Hence the work on VAWG (violence against women and girls) and ‘safe havens’. You can see stickers to that effect on the doors of coffee shops, libraries and cathedrals; the borough of Lambeth in south London for example has 33. Businesses interested in becoming a Safe Haven should contact the Safer Business Network which provides (free) training for staff on how to be a ‘haven’, such as to offer phone charging or a place to catch breath. Visit saferbusiness.org.uk.
As for any difference between the perception among Londoners (and commuters and tourists) about crime, and actual crime – which may affect people enough to alter their habits, which may have an economic impact – one factor may be the highly publicised, shocking crimes, such as murder, whether by guns or knives. For example, the shooting dead of a 15-year-old at a park in Ladbroke Grove in July. Afterwards the leader of Kensington council, Elizabeth Campbell, told the council’s July meeting: “Like many boroughs across London, it feels like we are starting to see a worrying new normal, where crime now involves guns.” Significantly, she spoke then of ‘more police on our streets’ as a visible deterrent, and wishing for ‘more police on our streets’.
That begs the question of whether such extremes are thankfully rare or but the tip of an iceberg of near-misses, and violence; and whether the causes of violence are wider; for example, raised at that July council meeting at Kensington were school exclusions in the borough, ‘especially those from ethnic minorities and with special educational needs, and the detrimental impact on their life outcomes, such as mental health issues and imprisonment’, to quote from the minutes.
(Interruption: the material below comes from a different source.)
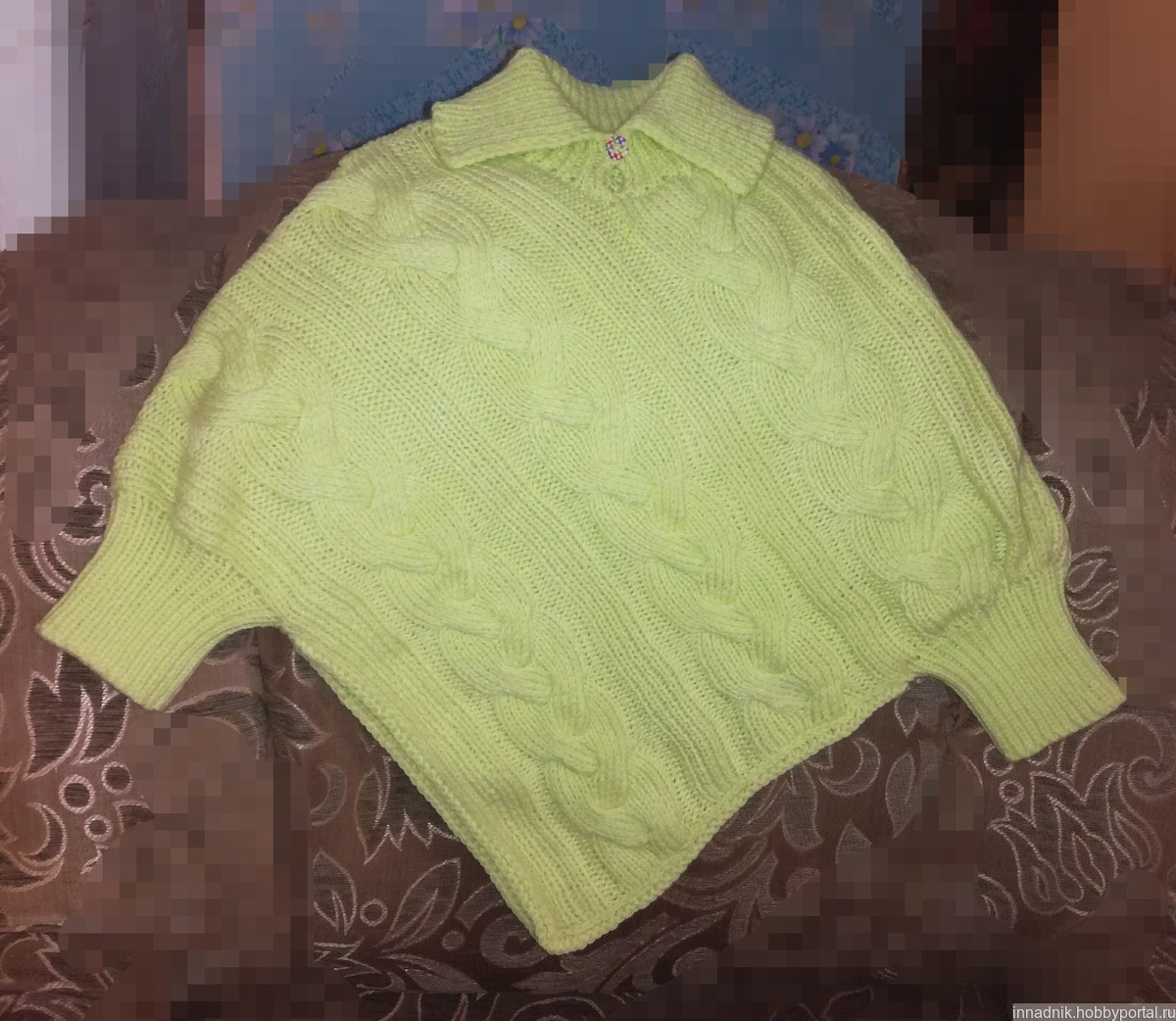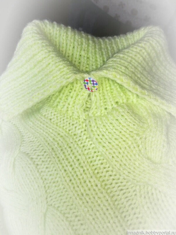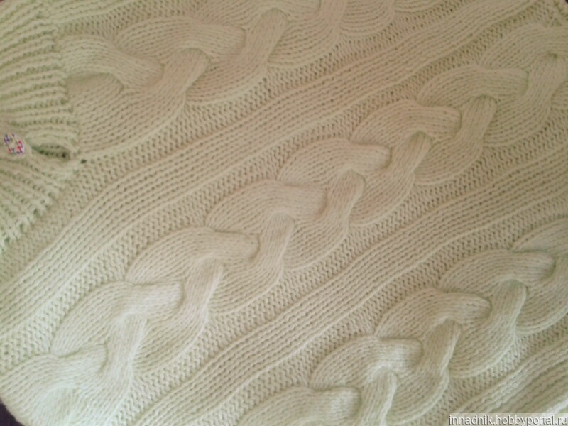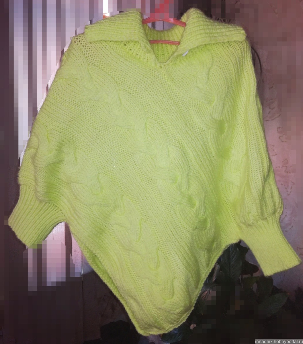 Пончо с рукавами, воротник с застежкой, узором из кос. Для девочки 5-6 лет.

Camden councillor Adam Harrison, Cabinet Member for Planning, is pictured with members of the council’s community safety enforcement team; Camden’s patrollers have the power to issue fines (£120 for littering and £1,000 for fly-tipping).
Bid criteria
The October edition of Professional Security Magazine considered how councils judge tenders, whether based on (lowest) price or other criteria of those bidding. In north London, Camden’s cabinet recently agreed a procurement strategy for contracts to cover Camden’s Mechanical and Electrical (M&E) services including lifts and ‘ancilliary services’ such as door entry, shutters and gates, and CCTV maintenance, for council owned housing. Tenders will be weighted 60 per cent on price and 40pc service delivery and quality assessment (including ten per cent social value).